Sports Authority Top-Executive Bonuses Draw Fire in Bankruptcy

U.S. teen retailer Aeropostale Inc. plans to challenge in court private equity firm Sycamore Partners' claims as a creditor in its bankruptcy, Reuters reported yesterday. The fight between Aeropostale and Sycamore stands out from other bankruptcy cases of U.S. teen retailers, because very few of them triggered litigation. It could also complicate any effort by Sycamore to take over the retailer. The lawsuit, expected to be filed today, would follow an investigation by Aeropostale over the past several weeks into whether Sycamore drove the company into bankruptcy, in part by making the terms of its debt investment in the company in 2014 deliberately onerous. Sycamore affiliates loaned Aeropostale $150 million in 2014, and, as part of the deal, required that the chain make merchandise purchases from one of Sycamore's companies, MGF Sourcing. Aeropostale has said that MGF imposed new, burdensome terms on the retailer that precipitated its bankruptcy.
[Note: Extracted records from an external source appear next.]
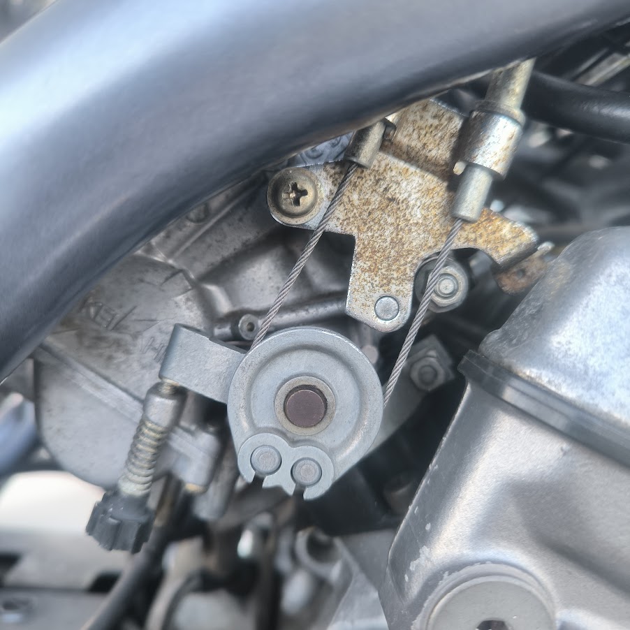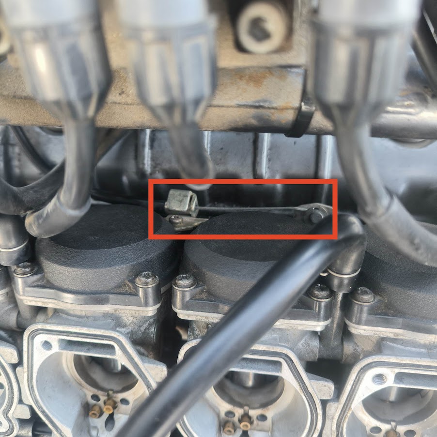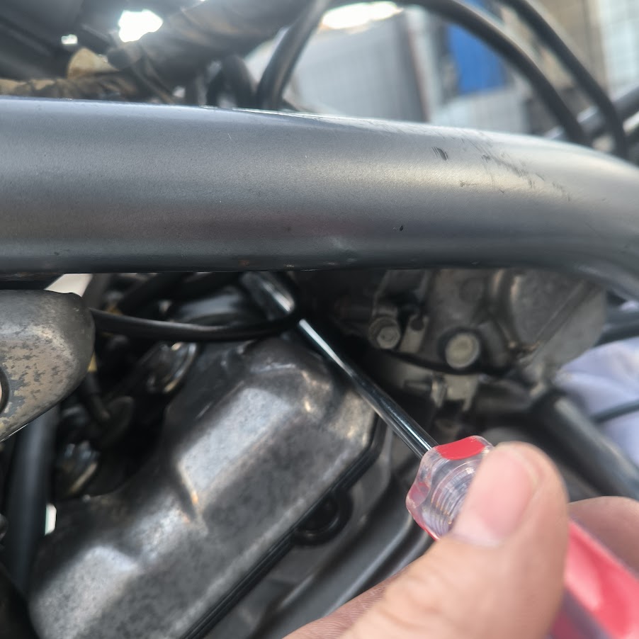 チョークワイヤーを外す際にキャブ側にある金具を取り外すためにネジを緩めますが、その際にネジを落とさないように注意。インテークからエンジン内にネジが落ちたなんてことになれば地獄を見ます。
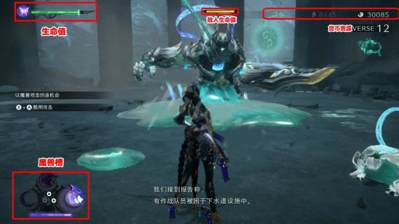 在戰(zhàn)斗中畫面左上角為角色的生命值。左下叫則為魔獸槽,本作中貝優(yōu)妮塔最多可以同時(shí)裝備三個(gè)惡魔奴隸。玩家可以通過十字鍵進(jìn)行切換。召喚惡魔奴隸需要消耗消耗下方紫色的魔力槽。魔力槽被消耗后會(huì)隨時(shí)間恢復(fù),攻擊以及進(jìn)入魔女時(shí)間都能快速增加魔力槽。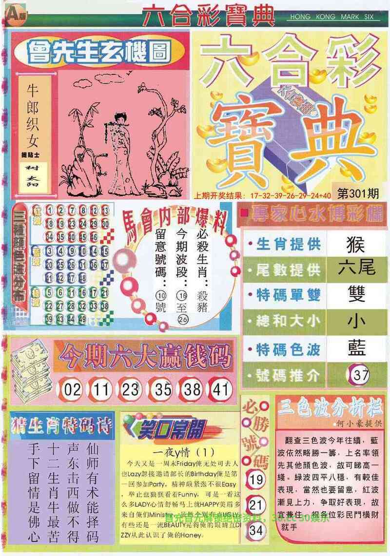 | 301期:澳门六合彩寶典解特开(牛05) |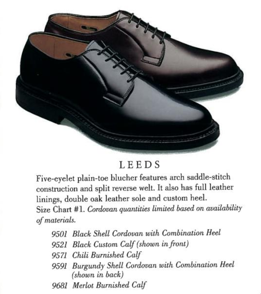 Leeds自体は1964年から登場しており、発売から50年以上経っているロングセラーモデル。途中ラストの変更や、コードバンやグレインレザーなどで展開されています。

Sports Authority is scrambling to close the doors on most or all of its stores by the end of the month, according to multiple store employees and managers, an abrupt move that comes amid a fight over cash between lenders and suppliers, the Wall Street Journal reported today. Managers have been instructed on procedures for wiping the computers, locking up and walking away, as the dying athletic gear seller prepares for the final stage of its bankruptcy. A lawyer and officials of the Englewood, Colo., company didn’t respond to requests to discuss the accelerated shutdown plan, including questions about whether any stores would survive into August. In a May 25 letter to customers, Chief Executive Michael Foss said that the stores would be closed by the end of August. The end could be nearer than that for most Sports Authority stores, said store managers who were summoned to a conference call last week. Sports Authority and the nearly 14,000 jobs it once supported is essentially done at the end of July, they were told.
Teen clothing chain Aeropostale Inc. is preparing to sell all its assets and may bring claims against the private equity firm that it said drove it into bankruptcy, Bloomberg News reported yesterday. The New York-based company said in court papers on July 15 that “reorganization on a standalone basis is not feasible.” Instead, it will look for a “stalking horse” to make the lead bid at an auction next month and will pass the proceeds of any sale to creditors. The retailer also said it’s still reviewing 11,000 pages of documents and depositions of key individuals that senior lender Sycamore Partners produced during a bankruptcy probe and is evaluating whether to pursue claims against the private equity firm and affiliates. Aeropostale entered bankruptcy in May, saying that Sycamore used a supplier it controlled to trigger the filing. The retailer also says that the private equity firm controls its biggest secured lender, Aero Investors LLC, an agent to a $150 million term loan.
To keep its nationwide bankruptcy liquidation from crashing to a halt, Sports Authority Holdings Inc. has cut a deal with senior lenders that portends bad news ahead for landlords and suppliers to the failed sports retailer, the Wall Street Journal reported today. Going-out-of-business sales are still in full swing at many stores, as liquidators sell off the last bicycles, skateboards and rest of the gear and apparel still on the shelves. Sports Authority auctioned off its intellectual property, which is going to high-bidder Dick’s Sporting Goods, for $15 million, and some leases. But in a court filing on Tuesday, Sports Authority admitted what creditors’ lawyers predicted early in the case — banks are claiming all the money rung up in the company’s last days. Without a deal, lenders will be poised on Friday to shut off the funds to Sports Authority, forcing an abrupt shutdown, court papers say. “So as to prevent these chapter 11 cases from coming to a grinding halt,” Sports Authority agreed to compromise legal disputes with the lenders, a group that is led by Wilmington Savings Fund Society. In a separate motion, Sports Authority revealed lenders have agreed to fund up to $2.85 million in bonuses to senior executives of the dying company. Under the proposal, four top executives are in line for up to $1.5 million in bonuses. Sports Authority won’t identify those getting bonuses at the end of a bankruptcy that cost 14,000 people their jobs. By Friday, Sports Authority will have paid off its top layer of debt from liquidation proceeds. Lenders claim to be owed an additional $240 million, a figure that includes loss of value in their collateral during the bankruptcy.